Why?
Our society is growing smaller and older. Our population will decrease from around 82 million people today to about 70 million in 2050. In the same period, the proportion of people aged 50 and over will rise from 38% to around 50%. Constantly growing individual life expectancies will mean that someone beginning their retirement in the future will still have nearly a quarter of their life ahead of them.
Older people are thus assuming growing social importance: their experience, their skills and their commitment are needed. Never before have older people been as active, educated, healthy and wealthy as they are today. Surveys on volunteers and the most recent German old age survey (DEAS 2010) show that older people want to participate and become involved upon ending their working lives. To approach them as responsibly acting citizens and to involve them in the shaping of society therefore makes sense socially – and at the same time contributes towards maintaining individual quality of life in old age. For older people, voluntary work, honorary offices, civil engagement and involvement in creative processes lends more meaning to their lives, bringing them acknowledgement, social contacts and a means of preserving and developing competencies. The gerontologist Andreas Kruse goes even further: "If older people do not contribute to the shaping of political life and no longer experience themselves as a part of public life, a central component of life itself is lost."
However, the sharing or participation concept has so far failed to establish itself sufficiently in Germany. There are certainly openings for the civil engagement of older people, but there is a lack of sustainable structures and framework conditions, and there is insufficient professional support. Furthermore, engagement is often provided and expected only in a social/charitable context. However, participation means the responsible shaping of public life. This intrinsically political involvement of older people does, however, have its limitations, otherwise it could be said that politics sees engaged individuals not only as stopgaps, but incorporates their creative resources into social processes of organisation and reform – and is therefore prepared to share power.
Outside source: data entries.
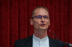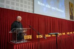 Szabó Tamás pasztorális helynök az iskolalelkészek nehéz, sokszor ellentmondásos megítélésű feladatáról beszélt. Annak a generációnak kell felmutatnia az egyházi oktatási intézményekben valamit, amely sok esetben apa nélküli, minimális minőségi időt kap, rendezetlen családi körülmények közül érkezik. „Ezért az egyház és papságunk számára is nagy kihívás, hogy megmutassuk a mennyei Atya arcát, hogy felmutassuk az apaságot/atyaságot”, hogy otthont, lelki otthont (templom, maga az Isten) mutassanak. A kötelességek világában a lehetőségek Istenét láttatni, a kommunikációs válságban a hamis tér, elmagányosodás, bálványok helyett valódi közösséget teremteni.
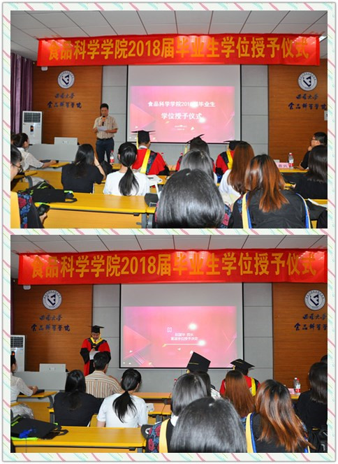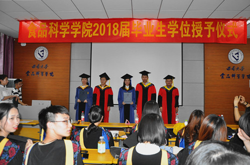 以梦为马,一路风华。6月26日下午,食品科学学院2018届毕业生学位授予仪式在39教312会议室隆重举行。本次学位授予仪式由食品科学学院党委书记周大明主持,食品科学学院院长赵国华教授、党委副书记刘秋艳、副院长张宇昊教授、研究生导师曾凡坤教授、明建教授以及毕业年级辅导员黄晔老师、胡孜老师出席,2018届毕业生及家长代表参加。
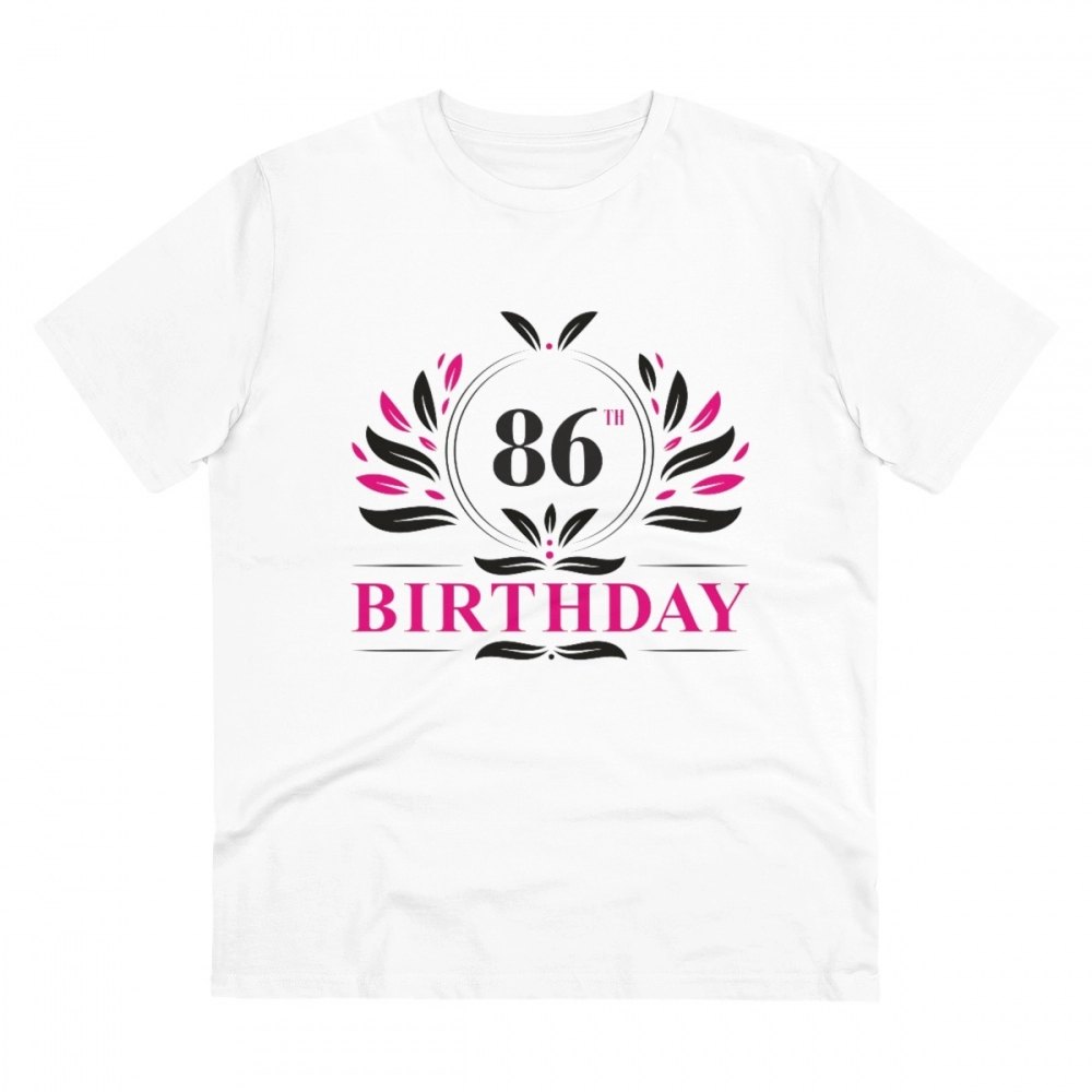 Men’s PC Cotton 86th Birthday Printed T Shirt (Color: White, Thread Count: 180GSM)
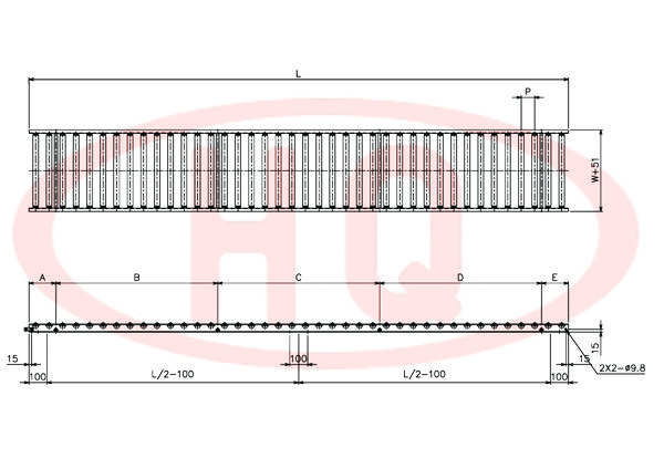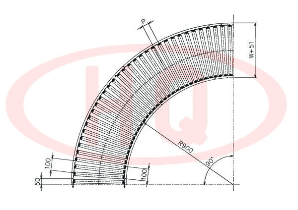| 型 號 | 滾筒外徑(φ)×壁厚(t) 軸承 | 軸外徑(φ)×壁厚(t) 加工 | 支架形狀I×K×t | 機 長 L | 滾筒幅寬 W | 滾筒間距 P | 轉彎半徑 R | |||||
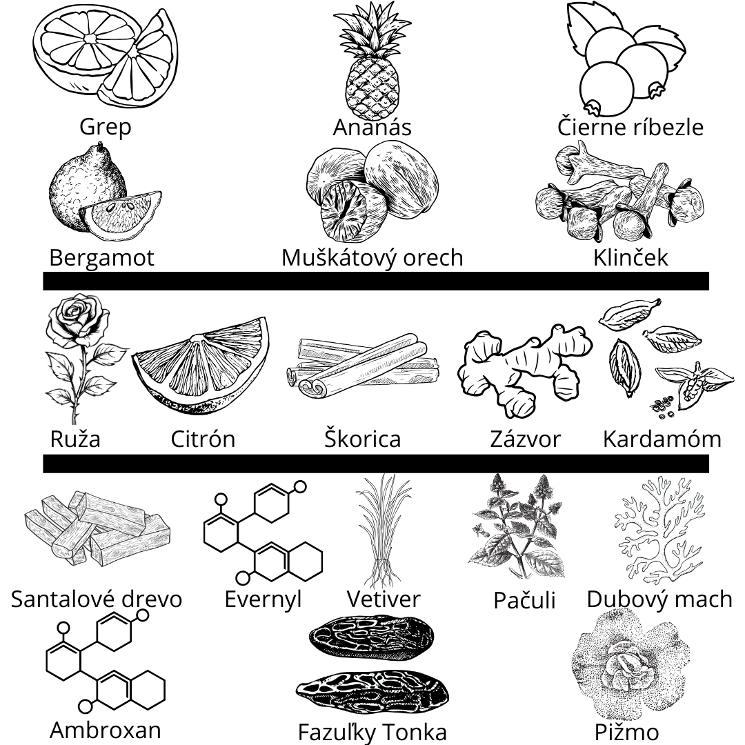 - Srdce: ruža, citrón, škorica, zázvor, kardamóm
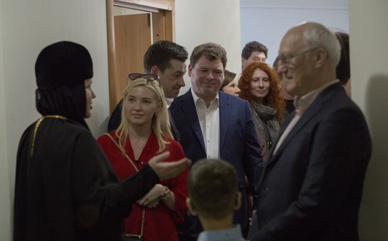 Для гостей настоятельница обители игумения Елисавета (Позднякова) провела экскурсию по отремонтированному зданию. На небольшой фотовыставке для сравнения были представлены снимки помещений до ремонта.
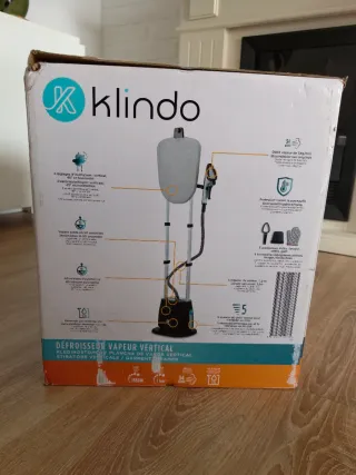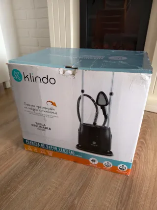 Plancha de vapor vertical Klindo para ropa. Ideal para alisar prendas. - 3 ajustes de inclinación: vertical, 45° y horizontal. - Vapor listo en 50 segundos. - 40 minutos de autonomía. - Depósito de agua extraíble de 1,5 L. - Caudal de vapor de 54 g/min. - Protección contra sobrecalentamiento. - Incluye 3 accesorios: cepillo, percha y guante. - Longitud del cable: 1,2 m. - 5 niveles de vapor ajustables.
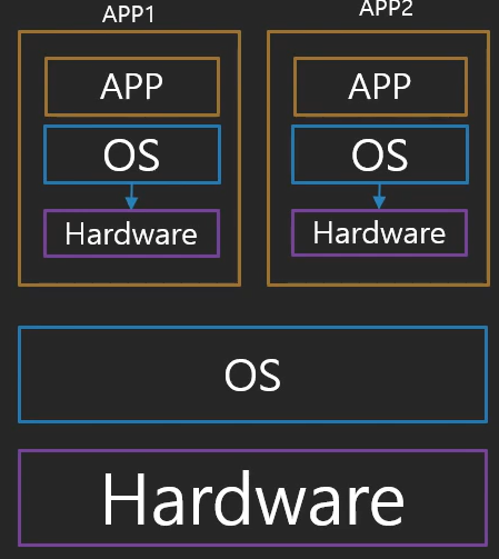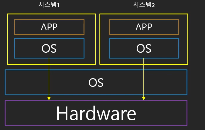 - 즉 일반적인 컴퓨터처럼 직접 os가 하드웨어에 설치된 상태로만 운영 가능했었음
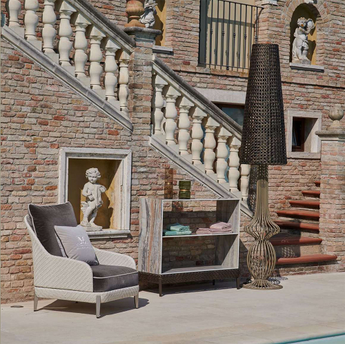 Каждый элемент разработан и создан для защиты от атмосферных воздействий. Прочность, универсальность и легкость: вот характеристики, которые делают эту коллекцию идеальной для открытых пространств в самых разнообразных современных жилых помещениях. Мебель из синтетического волокна VIRO® ручной работы, разработанная для длительного использования на открытом воздухе и, следовательно, устойчивая к любым атмосферным воздействиям. Обладает устойчивостью к перепадам температур (от -70°C до +80°C), ультрафиолетовым лучам, не теряет цвет, влагостойкостью, устойчивость к соли и хлору, плесени. Это нетоксичный экологичный материал (на 100% перерабатываемый), по ощущению как натуральный материал. Корпус мебели реализуют из крашеного алюминия, покрытого плетением из специального синтетического волокна того же цвета. Чехлы подушек выполнены из уличных тканей - дышащих, водоотталкивающих, устойчивых к плесени, они не обесцвечиваются и устойчивы к УФ-лучам. Кроме того, их можно стирать в стиральной машине при 30 °C, и они просты в уходе. Чехлы подушек могут быть выполнены из тканей категорий C, D, E, F, G, S, а также из собственной ткани клиента. Посмотреть палитру материалов Samuele Mazza.
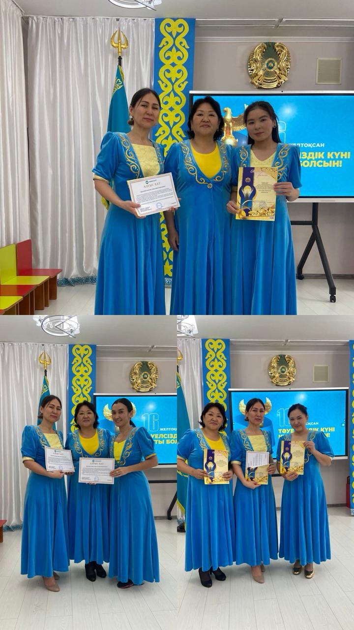 Қазақстан Республикасының Тәуелсіздік күні мерекесіне орай балабақшамыздың ұжымына алғыс хаттар табысталды.
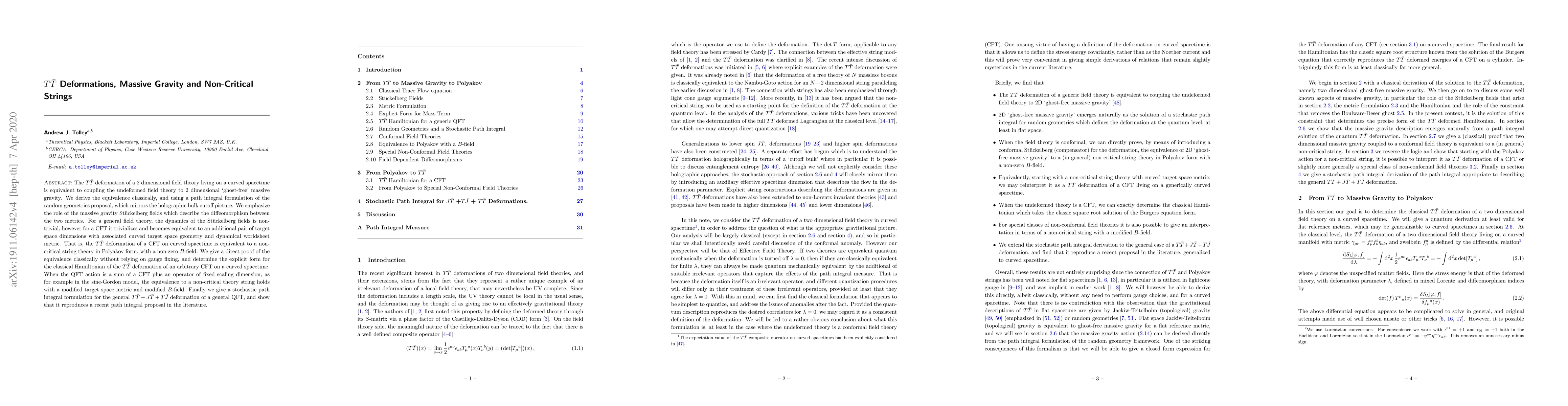 The paper establishes a classical equivalence between $T \bar T$ deformations in 2D field theories and coupling to 2D ghost-free massive gravity, showing that this deformation corresponds to a non-critical string theory in a curved target space. The equivalence is demonstrated without gauge fixing and extends to general QFTs with additional operators.
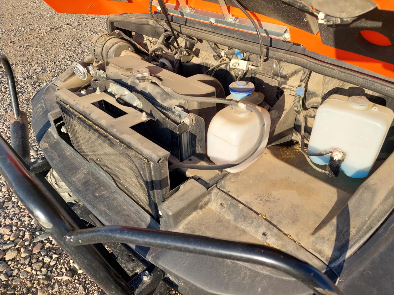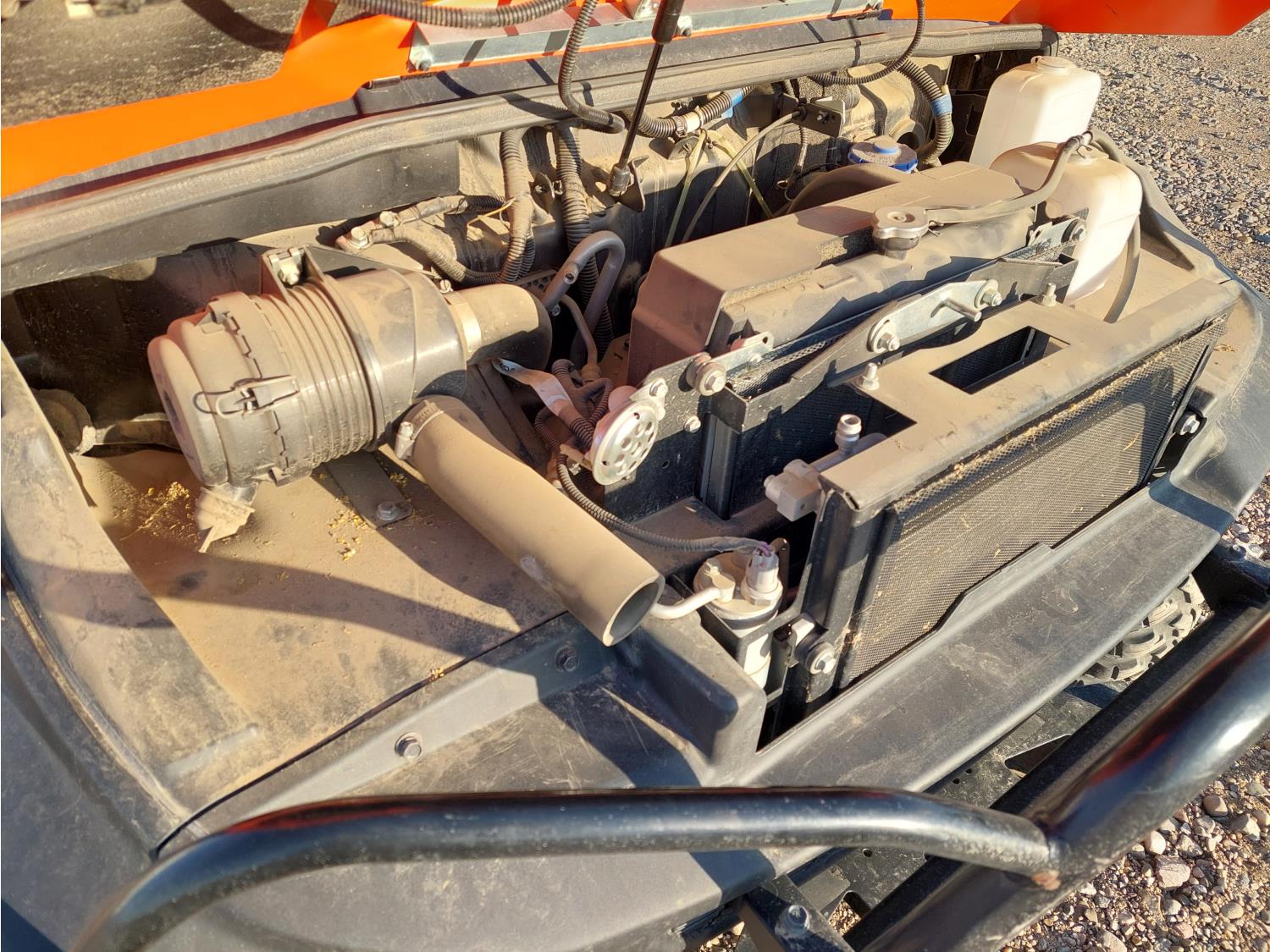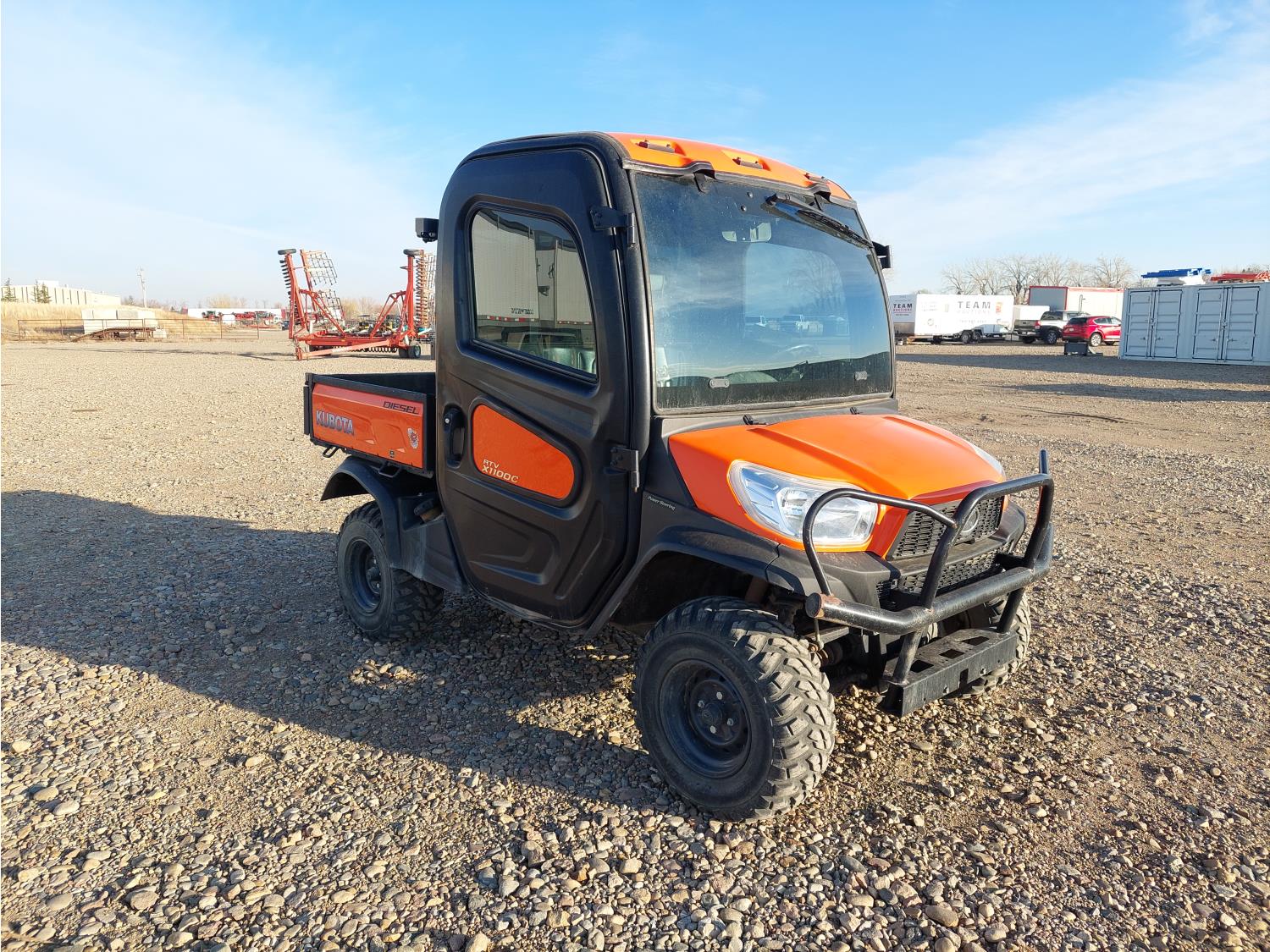 1100 cc water cooled diesel engine, automatic transmission, Hi/Lo range, reverse, enclosed cab, 2 passengers, A/C, heater, windshield, electric dump box, 42 inch box, 26X10R12 tires
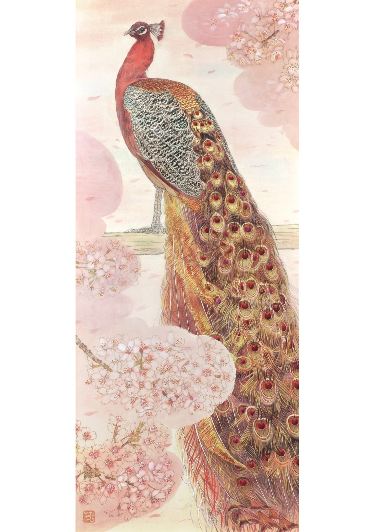 実際に赤い孔雀は存在しませんが、桜と調和する赤系の色味で羽を表現しました。
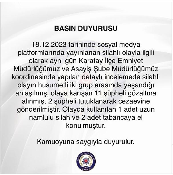 Doğuş Mahallesi'nde gerçekleşen olaylarda bir iş yerinin kurşunlandığı ve kavganın husumetli iki grup arasında yaşandığı anlaşıldı. Volkan D. Ve Mehmet T. Tutuklandı. Karatay İlçe Emniyet Müdürlüğü ve Asayiş Şube Müdürlüğü ekiplerinin koordineli bir şekilde yürüttüğü çalışmalarda olaya karışan 11 şüpheli, iki adet tabanca ve bir adet uzun namlulu silahla birlikte yakalandı.

The fact that older people increasingly consider themselves capable of more than is offered to them, for example in politically powerless senior advisory boards, is also made clear by their involvement in the new German culture of protest ranging from STUTTGART 21 to anti-nuclear demonstrations. While resistance and a culture of demonstration were mainly the prerogative of youth in recent decades, today more and more older people are going to the barricades. And they are displaying a new self-image: they want to assume responsibility for society and to bequeath a functioning community to coming generations.
A paradox must therefore be solved. More and more older citizens are prepared to help shape society at least on a small scale – but they do not know how, nor do they feel involved in political decision-making and social reform processes. It is therefore important to motivate and empower older people to become involved and to participate – for example through role models, qualification, recognition or networks. At the same time, however, they must also have access to structures which facilitate their participation. This requires above all that local decision-makers create possibilities for the involvement of older people in the community and in the social environment. The social debate must reorientate itself to a model of active ageing and the potentials of older people.